Beberapa orang telah berkumpul di aula utama.

Selain anak-anak Marquis Naga Melayang, ada juga beberapa anggota keluarga besar. Bagaimanapun, mereka semua adalah bagian dari Klan Long.

Jelas bahwa Klan Long berkembang dan memiliki banyak anggota.

Ini normal. Lagipula, Marquis Naga Melayang dianugerahi gelar marquis dan memerintah suatu wilayah. Akan aneh jika klannya tidak berkembang.

Di luar aula utama, pengawal Raja Yu berpencar ke samping, berdiri bersama dengan para penjaga Kediaman Marquis.

Para penjaga ini semua menunjukkan ekspresi serius, tidak kurang waspada hanya karena mereka berada di Kediaman Marquis.

Di dalam aula utama, jamuan keluarga belum dimulai.

Karena Raja Yu adalah putra seorang adipati, ia memiliki garis keturunan klan kerajaan dan memegang posisi bangsawan.

Namun, Raja Yu bersikap santai dalam interaksinya dengan orang-orang, sopan kepada semua orang. Ia anggun dan berani, membangkitkan kekaguman.

Raja Yu saat ini sedang berbicara dengan seorang pemuda yang memiliki kemiripan dengan Lan Luo tetapi lebih tua. Pemuda ini seharusnya adalah kakak laki-laki Lan Luo.

Para murid Klan Long mengelilingi keduanya, mengobrol riang.

Namun, Raja Yu menjadi pusat perhatian. Sebagian besar orang memusatkan pandangan mereka padanya.

Hal ini terutama berlaku untuk banyak wanita di sana.

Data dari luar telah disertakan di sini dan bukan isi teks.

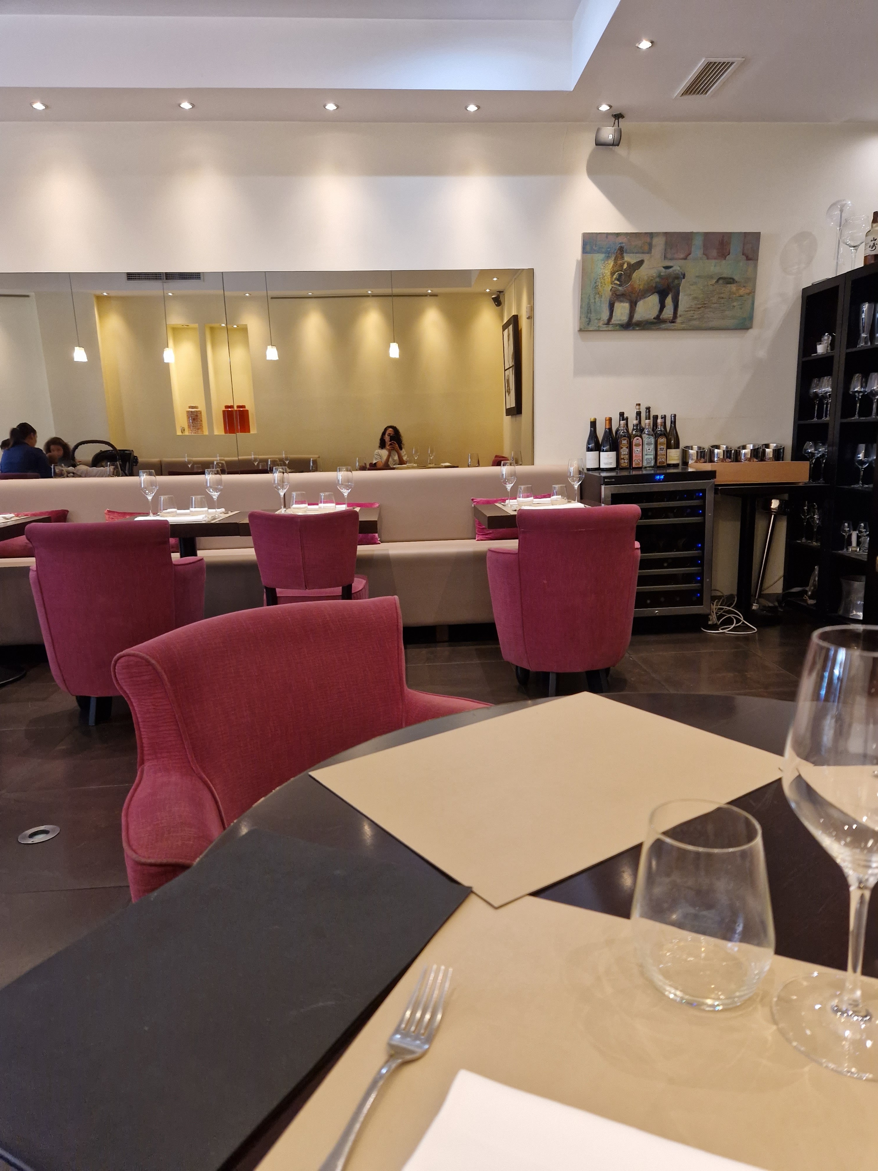 Lieu calme le menu dégustation est cher le vin est cher. Le poisson était très bon mais l'entrecôte avait le goût du vinaigre et n'est pas de la taille d une entrecôte 2cm d epaisseur n est pas suffisant.

Sebagian besar dari mereka memiliki kilauan di mata mereka, sama sekali tidak menyembunyikan kekaguman mereka.

“Tuan Muda Xiao, kami telah tiba,” kata pelayan yang memimpin jalan. Kemudian, ia melakukan gerakan hormat yang imut.

Sebelum pelayan itu pergi, ia menatap Raja Yu dengan malu-malu.

Biksu kecil itu bersandar di bahu Xiao Chen, melihat sekeliling dengan rasa ingin tahu dan tampak sangat imut.

Seorang dewasa dan seorang bayi berjalan ke aula utama.

Keduanya segera menarik perhatian banyak orang. Beberapa orang menunjukkan ekspresi penasaran di wajah mereka.

Ini adalah jamuan keluarga Klan Long. Mengapa ada orang luar selain Raja Yu?

“Anda siapa?”

tanya pemuda yang sedang berbicara dengan Raja Yu dari kejauhan, tanpa berdiri.

[Catatan Penerjemah: Secara budaya, ini adalah tindakan yang sangat tidak sopan. Cara yang sopan adalah dengan berdiri, berjalan mendekat, dan saling menyapa terlebih dahulu. Ini seperti seseorang yang tetap duduk sambil berjabat tangan dengan seseorang yang berdiri, mungkin lebih buruk, karena bahkan tidak ada sapaan.]

“Whoosh!”

Seketika, banyak tatapan tertuju pada Xiao Chen. Aula yang tadinya ramai menjadi sunyi.

“Kakak Pertama, dia adalah Xiao Chen. Dialah orang yang kuceritakan padamu. Ayah mengundangnya secara khusus.”

Sebelum Xiao Chen menjawab, Lan Luo berdiri dan membawanya sambil memperkenalkannya.

“Kau! Kau benar-benar berani masuk ke Kediaman Marquis?! Pengawal Klan Long! Tangkap dia!”

Sosok yang familiar muncul di antara murid-murid Klan Long. Orang ini berteriak sambil menunjuk Xiao Chen, tanpa menyembunyikan niat membunuhnya di wajahnya.

Long Bo?

Xiao Chen berpikir sejenak dan mengingat orang ini. Ini adalah viscount yang mengirim orang untuk membunuhnya di Alam Naga Agung.

Orang ini tampaknya adalah saudara ketujuh Lan Luo. Xiao Chen ingat bahwa dia telah memberikan pukulan mematikan padanya.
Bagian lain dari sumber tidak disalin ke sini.